Satwa liar Afrika dan ikon konservasi alam meninggal dunia

Satwa liar Afrika dan ikon konservasi alam meninggal dunia
Satwa liar Afrika dan ikon konservasi alam meninggal dunia

Dari Jerman hingga Afrika, Profesor Dr. Markus Borner telah menghabiskan sekitar 4 dekade bekerja pada konservasi satwa liar dan alam di Tanzania, Afrika Timur, dan seluruh Afrika.

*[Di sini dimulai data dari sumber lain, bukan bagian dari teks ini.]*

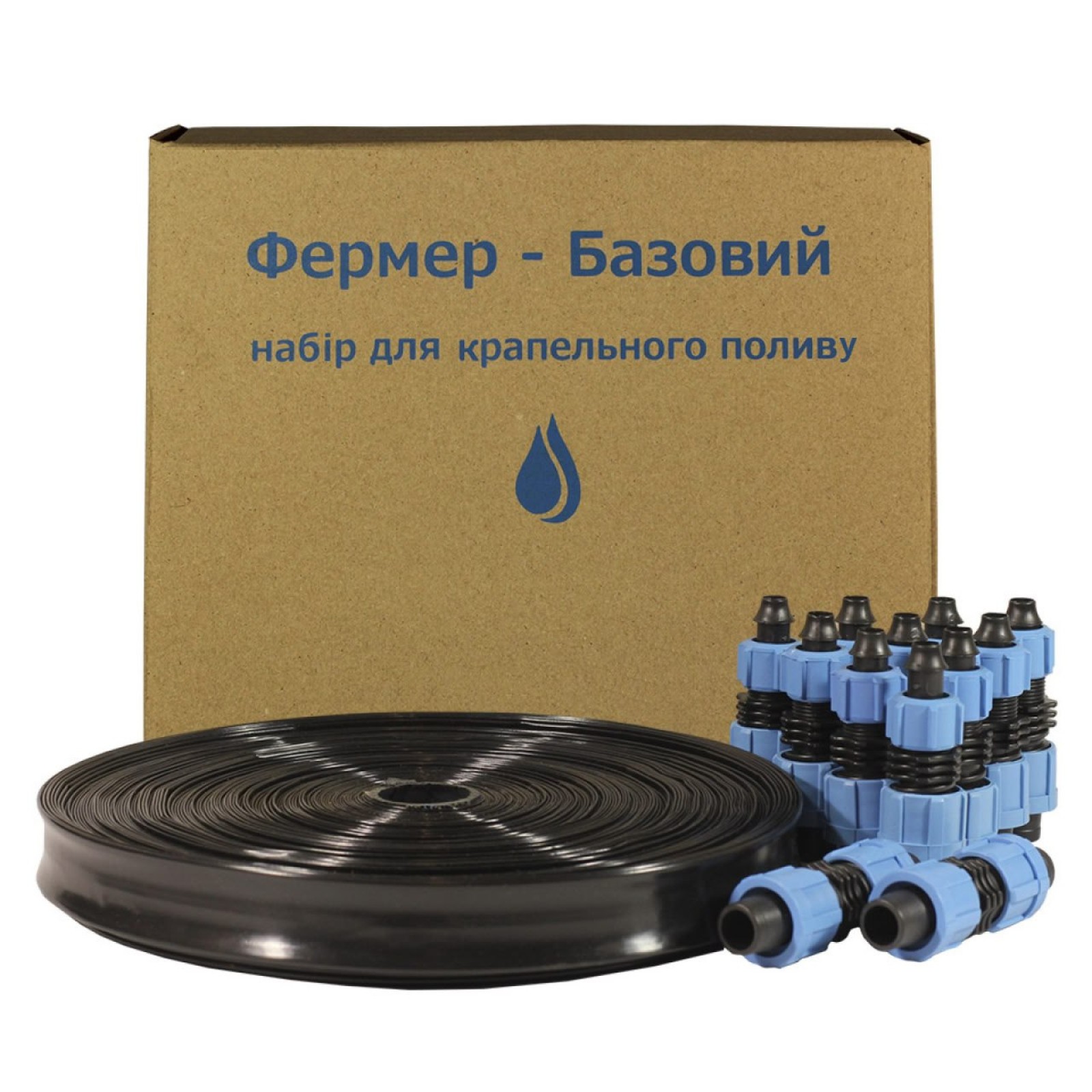 Набір для крапельного поливу "Фермер Базовий" в першу чергу призначений для людей, які вирішили перейти зі звичайного поливу на крапельний або вже користувалися крапельним поливом, але мають невелику ділянку, що поливається. Ціна набору є символічною, але при цьому набір розрахований для поливу 50 метрів грядок.

Sebuah laporan dari Frankfurt Zoological Society (FZS) menegaskan bahwa konservasionis Jerman yang terkenal meninggal pada 10 Januari tahun ini, meninggalkan legenda abadi di konservasi satwa liar di Afrika di mana ia mendedikasikan hampir separuh hidupnya bekerja untuk kelangsungan hidup hewan liar dan perlindungan alam.

Prof Dr Borner menghabiskan hidupnya di Serengeti Tanzania, rumah yang jauh dari rumah leluhurnya, Republik Federal Jerman. Taman Nasional Serengeti di Tanzania utara adalah rumah sejati Markus Borner.

“Tanpa dia dan cara positifnya dalam menginspirasi orang, menyatukan orang yang tepat pada waktu yang tepat, Serengeti pasti tidak akan seperti sekarang ini: ikon di antara taman nasional Afrika,” kata Dagma Andres-Brummer, Kepala FZS Komunikasi.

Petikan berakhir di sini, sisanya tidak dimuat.